I learnt shame from an early age from a variety of sources. Just one example was when I was really small and I found it difficult to realise that I felt jealousy which seemed to me to be a negative emotion. When I told this to someone I trusted and respected who was a God in my life (and only wanted the absolute best for me and my freedom from 'negativity'), they told me "Oh, I hate jealous people." I was mortified and so I learnt to bury difficult emotions and to try to be more perfect. I felt flawed and ashamed.
I have spent alot of life burying things deep and then seeing them fester and arise up way bigger later on. It just isn't the way. That is not to say that sharing everything with everyone is the way either...but I have found something that works...
As Brené Brown says, the antidote to shame is empathy. By looking at what I am ashamed of in myself and letting it surface, be witnessed and giving it a name and then having empathy in understanding the reason for this arising in me in the first place I then de-armour it's effects and I can then accept these parts of myself that I was ashamed of, and release them, for my freedom.
My shame tells me I am wrong, not enough, not perfect. It often reminds me of my past mistakes, the times in my life that I have not been seen, chosen, accepted, understood or validated. When I try to expand it asks me 'who do you think you are?'. It is deeply ingrained in old stories and limiting beliefs that go round and round. Until you dance with them and move them and see them for what they are and work them so hard that they lose all their power.
For example, with the jealousy.... if I see that I am jealous - instead of judging it I own it and name it and I look at why I felt jealous which could be because part of me thinks I am not enough and then I have compassion for myself for not feeling enough and then go to work on that rather than judging myself for feeling jealous.
Emotions are wise and just want to be honoured and then they can move on once their function has been fulfilled and their message has been heard by us. When I sit with feelings like jealousy, acknowledge them and sometimes move them with tools like EFT, dance and body work (and not rush or paste over them) they dissipate in power.

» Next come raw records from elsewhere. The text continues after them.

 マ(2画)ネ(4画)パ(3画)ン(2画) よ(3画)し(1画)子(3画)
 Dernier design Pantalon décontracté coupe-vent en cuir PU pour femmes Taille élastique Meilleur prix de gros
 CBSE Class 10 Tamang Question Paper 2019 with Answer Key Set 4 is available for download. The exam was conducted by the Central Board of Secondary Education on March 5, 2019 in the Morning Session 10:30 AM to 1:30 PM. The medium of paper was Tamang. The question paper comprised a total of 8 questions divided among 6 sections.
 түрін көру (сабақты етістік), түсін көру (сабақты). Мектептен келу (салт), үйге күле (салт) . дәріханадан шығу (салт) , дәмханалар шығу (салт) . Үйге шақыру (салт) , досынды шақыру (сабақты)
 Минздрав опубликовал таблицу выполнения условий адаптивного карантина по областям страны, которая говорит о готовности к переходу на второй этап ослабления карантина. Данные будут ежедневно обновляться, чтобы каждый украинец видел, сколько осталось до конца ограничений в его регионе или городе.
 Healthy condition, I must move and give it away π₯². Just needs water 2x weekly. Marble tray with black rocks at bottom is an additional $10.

Emotions bring a wise message but sometimes what can be at play is fear and resistance keeping us small. I have lived with old stories like 'I am not enough' or 'I am going to fail again' and sat with the reality of it, using more tools around it, until eventually it becomes like "Oh hi, you again - are you really here to tell me the same old shit? I'm actually quite bored and so over you now - I see you for what you are. Thank you so much for your concern though. But it's OK - I am not in a life or death situation - I've got this."
Often I have needed external acceptance to facilitate my inner acceptance, so that I can release the grip of my shame.

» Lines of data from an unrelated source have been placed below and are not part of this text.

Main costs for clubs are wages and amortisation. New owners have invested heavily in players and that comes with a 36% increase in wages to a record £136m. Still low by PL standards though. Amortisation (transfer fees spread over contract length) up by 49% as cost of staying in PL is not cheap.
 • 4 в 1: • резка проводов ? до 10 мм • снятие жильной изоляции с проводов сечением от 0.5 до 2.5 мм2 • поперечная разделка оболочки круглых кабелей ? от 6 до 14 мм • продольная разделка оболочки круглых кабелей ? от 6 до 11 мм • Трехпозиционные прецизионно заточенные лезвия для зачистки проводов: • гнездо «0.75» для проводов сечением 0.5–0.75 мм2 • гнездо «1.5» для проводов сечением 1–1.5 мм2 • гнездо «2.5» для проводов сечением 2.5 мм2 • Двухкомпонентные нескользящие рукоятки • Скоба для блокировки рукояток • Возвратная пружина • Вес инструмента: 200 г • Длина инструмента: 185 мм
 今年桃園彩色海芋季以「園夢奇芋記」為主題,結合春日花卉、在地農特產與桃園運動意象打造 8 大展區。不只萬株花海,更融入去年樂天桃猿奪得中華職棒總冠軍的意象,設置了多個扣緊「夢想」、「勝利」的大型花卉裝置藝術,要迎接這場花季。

Sharing my past experiences or inner shame and having acceptance for it reflected back at me has helped me to eliminate alot of shame - my feeling of 'wrongness' about myself. On my healing journey this sharing has needed to initially be contained and private, with professionals, whilst it has been very raw.
Right now I am sharing my journey more publicly, which is a whole other ball game. In truth, I don't altogether enjoy posting these raw, vulnerable sharings. I often hover quite a while before pressing post and then when I do I often regret it and want to delete them as soon as they are live (I've done that once) but I have otherwise held my ground in spite of all my fear and work through the feelings instead because my soul won't let me rest if I don't post them - I have tried. I'm trapped between my shame and my soul. After much deliberation and backwards and forwards, I again and again choose to go with my soul. The only thing I now choose to be accountable to.
These feelings that move through and urge me to take down my posts are varied. I feel fear that I won't be accepted. I have worried that I am not 'healed enough' to be sharing it yet. I have felt scared that what I am sharing might somehow be 'wrong' even though it is my heartfelt truth. Sometimes I have felt like I have been too vulnerable. I frequently wonder what the hell I am doing. But each thing I share, which I have always checked in has been coming from the right place, brings me closer to myself and in sharing it, in spite of the fears, I make a declaration that I accept it and am owning it, no matter what.
I am sending a strong message to my subconscious that I am valid, adequate, suitable and enough - irrelevant of the number (or lack) of likes, comments or messages of support. I am bringing my truth to light, sharing it come what may and in doing this I stand up for myself, accept myself, hold myself in empathy through the fear of it all and do not let anyone else tell me whether or not it is acceptable (whilst at the same time deeply appreciating the support).
Today I throw shame into the bonfire. And watch it burn... what are you throwing in?
"Shame is an epidemic in our culture. And to get out from underneath it, to find our way back to each other we have to understand how it affects us, and how it affects the way we are parenting, the way we are working, the way we are looking at each other... If we are to find our way back to each other we have to understand and know empathy because empathy is the antidote to shame. If you put shame in a petri dish it needs three things to grow exponentially - secrecy, silence and judgement. If you put the same amount of shame in a petri dish and douse it with empathy it can't survive. The two most powerful words when we're in struggle - 'me too'... If we are going to find our way back to each other, vulnerability is going to be that path." Brené Brown: Listening to Shame (TED).